Formed in 1993, it is listed on the Hong Kong Stock Exchange with
a net asset value of $622 million (RMB 3.1b) and has 11 Chinese
subsidiary companies and 18 international.

The firm lists six Australian construction projects it has built
the facades for, including three high-rise towers in Brisbane, the
South Australian Health and Medical research centre in Adelaide, a
high-rise on George Street in Sydney and a three-tower development
at Barangaroo South, currently under construction.

It was also involved in construction of the iconic "bird's nest"
national stadium in Beijing, which hosted the 2008 Olympic games.

Asbestos found on Brisbane project

It was revealed an urgent check had been carried out at the new
Royal Adelaide Hospital after the discovery of an asbestos-tainted
building product in a Brisbane office tower.

The tainted gaskets in Brisbane had been supplied to Yuanda
Australia, by Yuanda China, however the checks revealed the
suspect gaskets had not been used on the Adelaide hospital.

A company official at the time said the Brisbane case was isolated
and the suspect product was not used elsewhere in Australia.

Robert Vojakovic of the Asbestos Diseases Society of Australia
said overseas imports had been known to contain asbestos.

"There's been common knowledge for the last few years that China
was sending stuff to us contaminated with asbestos," he said.
"We had a similar situation in Alcoa where we examined the gaskets
and we found the content was 35 per cent asbestos."

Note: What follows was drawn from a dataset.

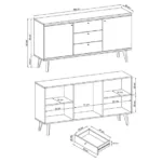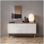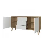 This elegant sideboard cabinet will undoubtedly impress with its high-quality craftsmanship and sleek, modern design. Finished in white matt with Oak Riviera, it is the perfect piece of furniture to enhance any modern or contemporary decor. It features two hinged doors, three drawers and a pair of removable shelves for storage.
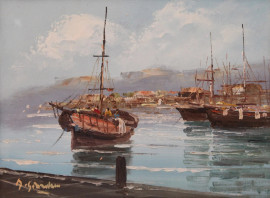 Antonio Giordano (XX sec.), Scorcio di porto, olio su tela, cm 28x38, entro cornice.

It was also revealed in June SA-based company Australian Portable
Camps was being investigated over imports from China that
illegally contained the deadly substance.

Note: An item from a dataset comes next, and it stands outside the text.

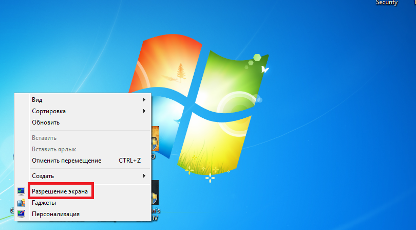 Использование еще одного способа доступно для операционной системы Windows, начиная с 7-й версии. Он заключается клике на Рабочем столе правой кнопкой мышки и выборе пункта «Разрешение экрана».

Initial testing missed deadly substance

The contaminated panels from Yuanda Australia at the Perth
Children's Hospital were approved to be asbestos free, on two
separate occasions.

The first was by an independent testing company in China. John
Holland, the building company heading the hospital project,
conducted its own independent test in 2013.

Both came back negative for asbestos.

Mr Mann said something must have gone wrong in the supply chain.

"It's an independent Chinese testing authority, and there's no
reason whatsoever -- given it's an internationally established
testing authority -- to question the credentials of the testing
process," he said.

"It was also independently checked and verified by John Holland's
technical consultant.

"Obviously something has happened in the supply chain, probably in
the manufacturing chain that has slipped through that process and
we need to find out what that was."

Yuanda Australia has been contacted for comment.